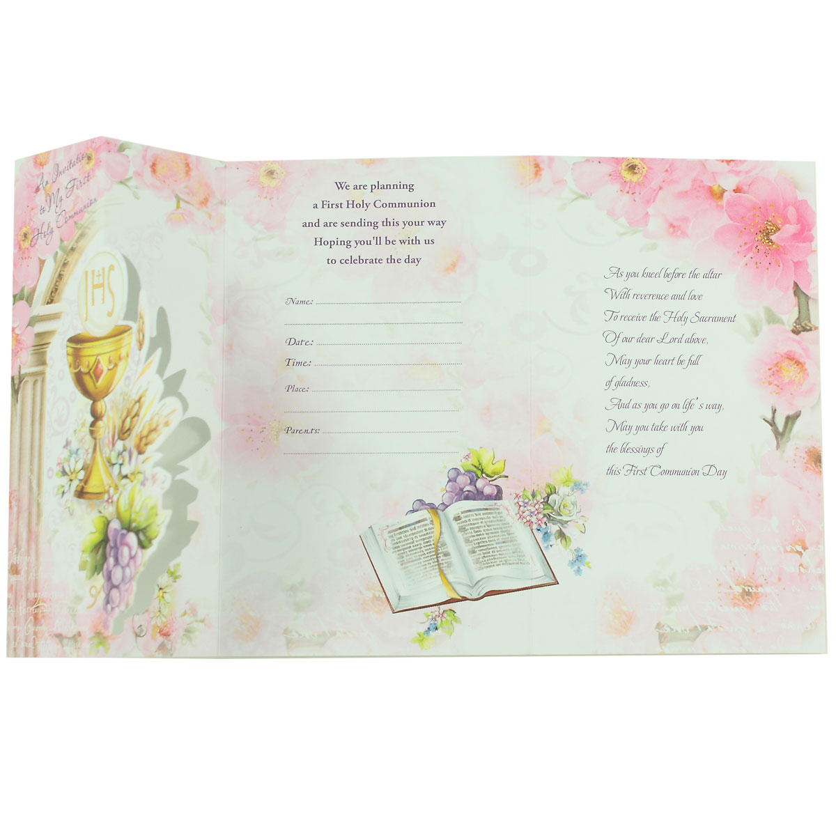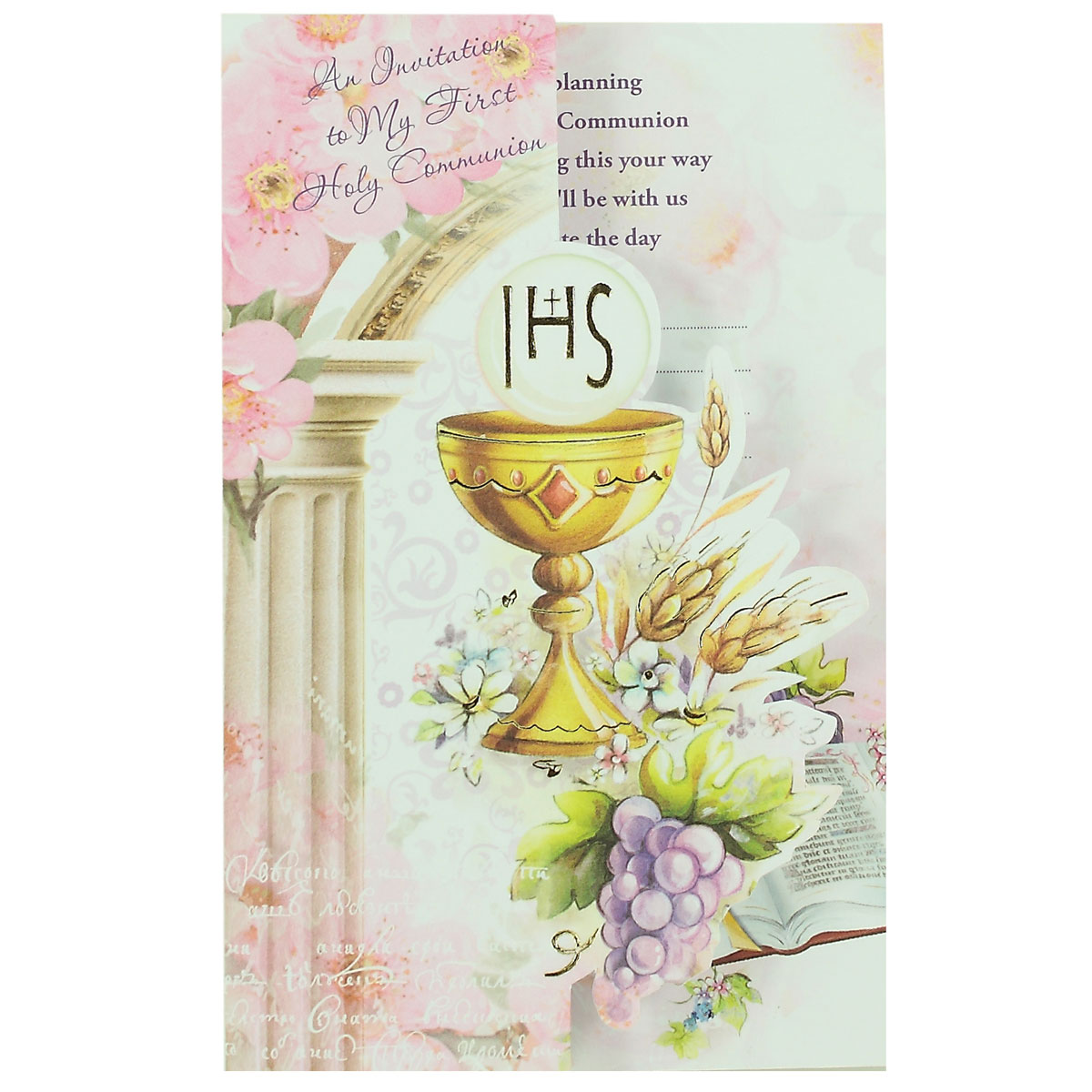 Very pretty communion invite cards that come in a pack of 12.  The cards have:
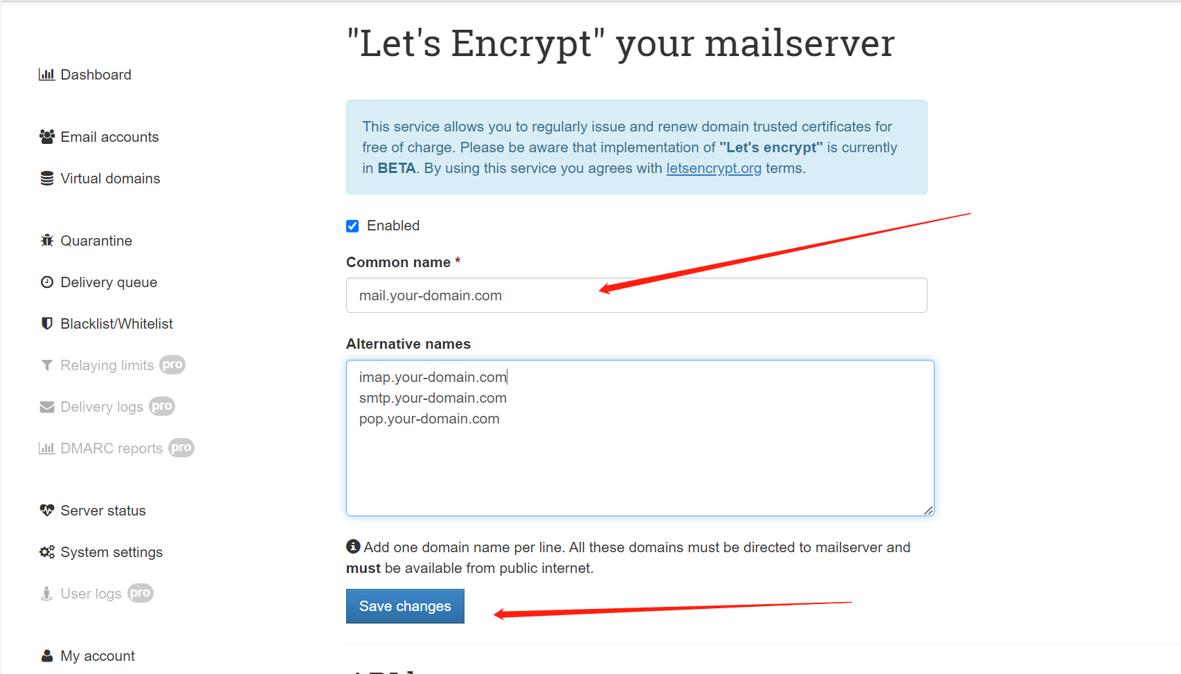 左侧点击 Virtual domains 然后点击域名进行配置。
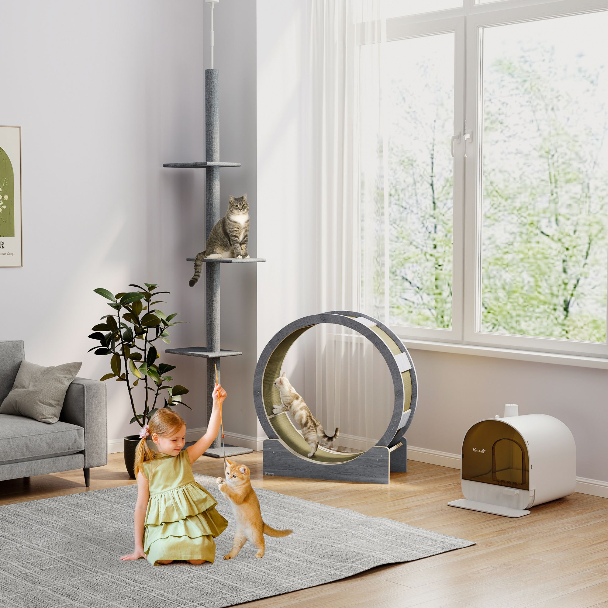 PAWSTER Cat Wheel with Brake, Scratching Pads - Grey
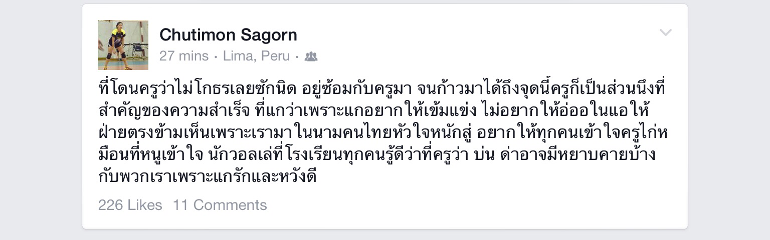 เพราะตอนแข่งที่เปรูคราวก่อนโดนทั่งโค้ช แล้วแฟนวอลเลย์บอลกระหน่ำเละเลย..ตอนนี้เลยรับได้ทุกสถานการณ์ ชิวๆ
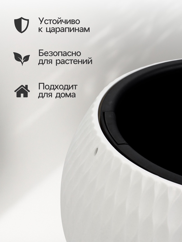 Кашпо «Жемчужина» — это гармония стиля и практичности. Его белоснежная поверхность добавит свежести вашему интерьеру, а продуманная конструкция обеспечит комфорт вашим растениям. Выбирайте безупречное качество и современный дизайн по доступной цене — создайте уют с минимальными усилиями.

====================

#### INSTRUCTIONS FOR THE TASK
When you copy the data above, reproduce each line exactly and skip every image.

#### REPLY
 Very pretty communion invite cards that come in a pack of 12.  The cards have:
 左侧点击 Virtual domains 然后点击域名进行配置。
 PAWSTER Cat Wheel with Brake, Scratching Pads - Grey
 เพราะตอนแข่งที่เปรูคราวก่อนโดนทั่งโค้ช แล้วแฟนวอลเลย์บอลกระหน่ำเละเลย..ตอนนี้เลยรับได้ทุกสถานการณ์ ชิวๆ
 Кашпо «Жемчужина» — это гармония стиля и практичности. Его белоснежная поверхность добавит свежести вашему интерьеру, а продуманная конструкция обеспечит комфорт вашим растениям. Выбирайте безупречное качество и современный дизайн по доступной цене — создайте уют с минимальными усилиями.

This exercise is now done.